Matt Taibbi with a story about Michael Winston, who blew the whistle on Countrywide Mortgages. You can guess how http://www.rollingstone.com/politics/news/a-whistleblowers-horror-story-20150218#ixzz3S9J9l0Dh“>this all turned out, right?
He says he’s spent over a million dollars fighting Countrywide (and the firm that acquired it, Bank of America) in court. At first, that fight proved a good gamble, as a jury granted him a multi-million-dollar award for retaliation and wrongful termination.
But after Winston won that case, an appellate judge not only wiped out that jury verdict, but allowed Bank of America to counterattack him with a vengeance.
Last summer, the bank vindictively put a lien on Winston’s house (one he’d bought, ironically, with a Countrywide mortgage). The bank eventually beat him for nearly $98,000 in court costs.
That single transaction means a good guy in the crisis drama, Winston, had by the end of 2014 paid a larger individual penalty than virtually every wrongdoer connected with the financial collapse of 2008.
When Winston protested his preposterous punishment on the grounds that a trillion-dollar company recouping legal fees from an unemployed whistleblower was unreasonable and unnecessary, a California Superior Court judge denied his argument — get this — on the grounds that Winston failed to prove a disparity in resources between himself and Bank of America!
This is from the court’s ruling:
Plaintiff argues that the disparity in the resources between the individual plaintiff and the defendant Bank of America make it unfair to place the cost of the premium on plaintiff. Plaintiff offered no evidence in support of this argument; it is rejected.
“I mean, Carlos Slim, the world’s richest individual, is nothing next to Bank of America,” says Winston today. “I just have to shake my head at all of it.”
An articulate, well-educated family man who speaks with great pride about his two grown children, who’ve stood by him throughout his troubles, Winston’s life has been turned upside down by his experience.
“I’ve never in my life not worked, but I’m unemployable now,” says Winston, a longtime high-level executive at blue-chip corporations like McDonnell-Douglas and Lockheed Martin. Although he spent most of a lifetime scrupulously saving, he says he’s “worried now that there will be a time when I won’t be able to support my family.”
Even worse, while the bank was going after his savings, Winston was diagnosed with laryngeal cancer. He has been undergoing painful treatment ever since and is literally fighting for his life now, on top of everything else.
“It’s been a very difficult year,” he says.
Yet Winston would likely bear all of this more easily were it not for bitterness over the fact that the sacrifices of whistleblowers like himself have too often resulted in dead ends or worse in recent years.

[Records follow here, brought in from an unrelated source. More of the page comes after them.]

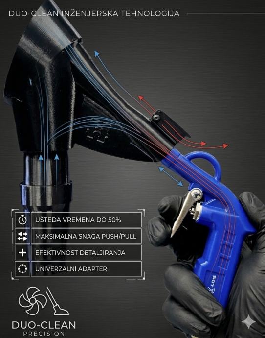 Ovaj inovativni nastavak omogućuje vam da istovremeno spajate pneumatski pištolj (ili Tornador) i usisavač, stvarajući moćan sustav za automatsko puhanje i usisavanje.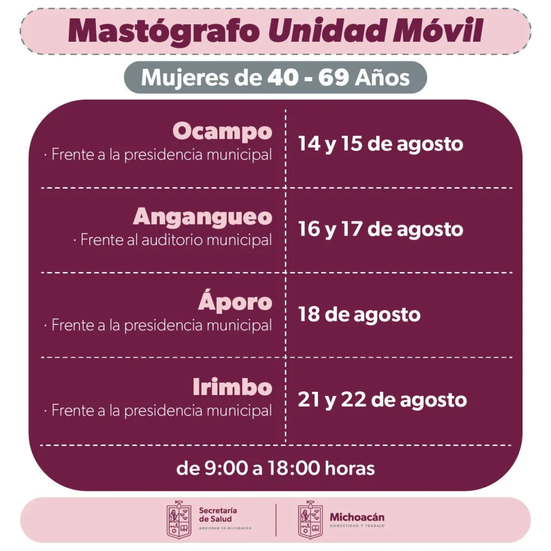 En Áporo, las mastografías se ofrecerán en la plaza ubicada frente a la presidencia municipal el viernes 18 de agosto y las citas pueden agendarse en el centro de salud. La última jornada está programada para el 21 y 22 de agosto frente al palacio municipal.
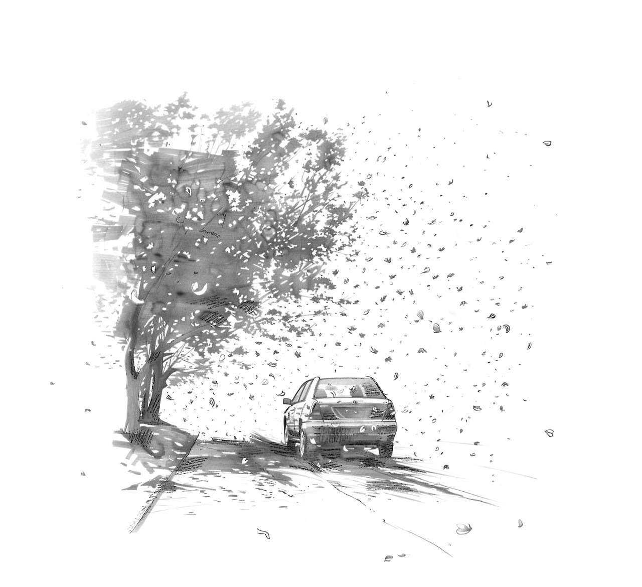 목적지를 향해 바쁘게 가던 어느 오후, 앞차에서 날리는 벚꽃잎들이 현실 같지 않은 장면을 연출했습니다. 내 앞에서 흩날리는 벚꽃잎은 아마 다음 봄에나 보겠지요. 이 순간이 지나가는 것이 아쉬워 그리게 된 오늘의 순간입니다.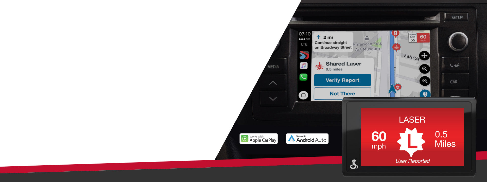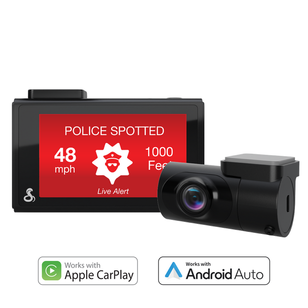 Upgrade your drive with a Cobra radar detector or dash cam and the Drive Smarter® app. Now compatible with Apple CarPlay® and Android Auto™, enjoy shared alerts, red light and speed camera locations, and real-time road conditions on your Apple CarPlay or Android Auto-enabled display.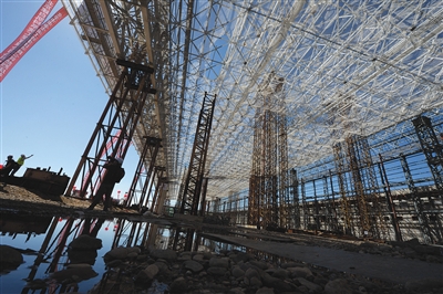 昨日,工作人員在為鋼結構屋頂最后的一次提升做準備。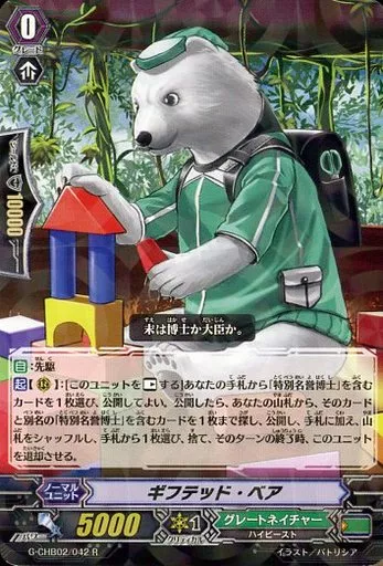 Nombre comercial en japonés: ヴァンガード/R/ノーマルユニット/グレートネイチャー/ヴァンガードG キャラクターブースター 第2弾「俺達!!トリニティドラゴン」 G-CHB02/042[R]:ギフテッド・ベア

Ahh, the good old days of yesteryear when the Bush’s and Clinton ruled the world. NAFTA and our disappearing jobs, the end of Glass-Steagall and the deregulation of the banks and an economic collapse, the crushing of the unions and the consequent reduction of our wages; good times.
So why do we want to elect another Bush or another Clinton? Are we that stupid?

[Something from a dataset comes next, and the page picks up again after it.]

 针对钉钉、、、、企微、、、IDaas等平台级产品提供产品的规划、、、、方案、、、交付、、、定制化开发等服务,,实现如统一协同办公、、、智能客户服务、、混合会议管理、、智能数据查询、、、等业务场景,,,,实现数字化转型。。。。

Look at the people Jeb intends to hire to advise him. 19 of the 21 he’s already announced worked for Reagan, his father, his brother or all of the above. War criminals like Paul Wolfowitz and John “the Butcher” Negroponte to name two.
Clinton’s list isn’t any better. She’s already got on her payroll the same collection of pro-Wall Street warmongers that worked for Bill “the Masher.”

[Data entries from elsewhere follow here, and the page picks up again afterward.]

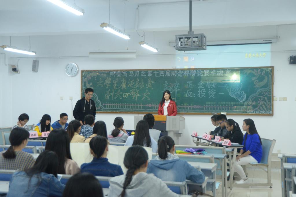 经双方自我介绍后,两场言语之间的硝烟战火打响。两场辩论赛的正方均打出培养社交能力是老员工需面对的也需提高的社会能力,就其重要性简洁明了地阐述了自己的观点;同时投资一班、金融六班所代表的反方从广泛社交会影响学习,消耗精力,减少专业研究时间等不利结果反驳,通过“广泛社交之人如无水之鱼,无根之木”、“横向的宽度必然会导致纵向的不足”等论据进行一一剖析。在唇枪舌战中,气氛被推向高潮,观众的心也一步一步被抓紧。到驳论与自由辩论环节,双方更是针锋相对,一方提问紧逼,一方也答辩巧舌如簧,一问一答,一辩一争,无不体现其思维的敏捷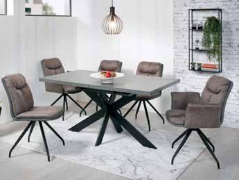 Jedilna miza, dim. 180–260 X 76 X 95 cm, raztegljiva keramična mizna plošča, mat črno ogrodje: 1.190,- 799,- Naslanjač, vrtljiv, blago bež, rjave, zelene in sive barve, črno ogrodje, prašen premaz. 149,- 99,90 (00690041/01;07580206/02-04)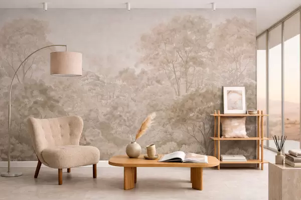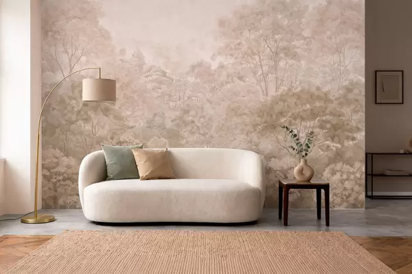 Fotobehang Vintage boslandschap in warme beige tinten N° w05433v1

Can’t we do any better then these two losers?
Equating the Clintons to the Bush Crime Family is totally specious.
Have these stupid white dogs ever heard of backlash?
Why pray tell?
I can relate to you 20+ reason why they are. Can you give us any reasons why they are not?
They only care about the backlash coming from their own kind. That wouldn’t be you and me Ten Bears.
Except that I have it on good authority that they should be afraid of the 99% going forward. Very afraid.
“For the times they are a changin'”
There was a time in America, when I was young (let’s say at some point before GHW Bush was elected and Reagan’s dirty work was cemented in place) when such behavior by a bank or a big company would have got them on the nightly news quite often, and a series of front page stories on the NYT and WaPo, and there probably would have been congressional hearings demanding the bank to explain its behavior, and maybe even a big stink about the courts overturning a jury award and then assisting the bank in its retribution. Maybe even some symbolic legislation would have been passed in response.
Those days are soooo long gone.
Remember how damn long we had to have stories on the Valdez spill in Alaska? It was a long long time. The Union Carbide disaster in Bhopal. That lasted for what seemed like forever and we got some legislation out of it (since repealed by the R’s and their D enablers). Chernobyl and all the fear of radiation effects all the way to Brazil.
And then the BP spill in the Gulf? As soon as the well was allegedly plugged (after months of spewing into the ocean), you almost never heard a thing about it in the media.
Fukushima? Nah, no need to try to measure the radiation in the ocean cuz the ocean is big enough to dilute it all anyway, so shaddup and stop your carping.
I can’t believe this is the same country I grew up in, it has changed so much, and people have become so complacent.